I would of done a few more coats but the car is due out in an hour or so :lol:

Robbie


----------



## andy-mcq (Sep 26, 2008)

awesome car with awesome detailing
cheers for sharing


----------



## -Kev- (Oct 30, 2007)

qstix said:


> Why is it cars always look so shiney and clean in your unit ..
> 
> Top work as per usual :thumb:


cos they are 
superb work Robbie :thumb:


----------



## spursfan (Aug 4, 2009)

Nice work Robbie, those GTR's look so mean!!:thumb:

kev


----------



## Johnnyopolis (Oct 25, 2005)

Looking good Robster.. Bonnet and Front Wing look particularly good for some reason.... 

Johnny


----------



## EliteCarCare (Aug 25, 2006)

Great finish Rob, the carbon details on this really set it off.. :thumb:

Alex


----------



## Eddy (Apr 13, 2008)

9 Layers!!! love it


----------



## "SkY" (Apr 21, 2009)

nice car,great work :thumb:


----------



## -tom- (Jan 27, 2009)

looks fantastic again, i have had 10 layers that last 9moths but it hadnt been washed for over 6 weeks so striped it all back and started again for winter.....
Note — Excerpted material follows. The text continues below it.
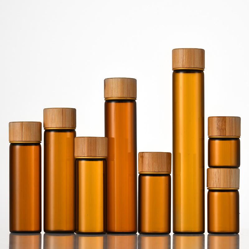 ขวดแก้วเปล่าขนาดเส้นผ่านศูนย์กลาง 22 มม. พร้อมฝาเกลียวไม้ ความจุ 5 มล.-12 มล. ตัวเลือกโลโก้แบบกำหนดเองสำหรับเก็บผงสมุนไพร

p.s love your under name title  pmsl



> *MAGIC*
> Milkman & Approved Zaino Detailer
> 
> Join Date: Feb 2007
> ...


----------



## cotter (Aug 31, 2008)

Looking cracking!

Saw one of these in the flesh for the first time the other day, stunning looking car. Even the other half complimented it, which he never does normally


----------



## 123quackers (Jan 29, 2009)

WOW thats a real fruity one and bet its a real ribbed tickler too:thumb::lol:

Bet it makes you go for longer as well hey Robbie:lol:



Stunning work you should get an award from Nissan soon the amount of GTR's you've done:thumb:


----------



## Beau Technique (Jun 21, 2010)

Looks stunning.


----------



## kenny-c (Oct 5, 2009)

Good job and loving the decal


----------



## *MAGIC* (Feb 22, 2007)

123quackers said:


> WOW thats a real fruity one and bet its a real ribbed tickler too:thumb::lol:
> 
> Bet it makes you go for longer as well hey Robbie:lol:
> 
> Stunning work you should get an award from Nissan soon the amount of GTR's you've done:thumb:


They should be begging me for my skills :lol:


----------



## RandomlySet (Jul 10, 2007)

Very nice.... When did you become Zaino approved? Didn't know they did things like that?


----------



## Andy. (Apr 11, 2010)

Top class work, that was one serious set of layers going on there. :thumb:


----------



## *MAGIC* (Feb 22, 2007)

-Mat- said:


> Very nice.... When did you become Zaino approved? Didn't know they did things like that?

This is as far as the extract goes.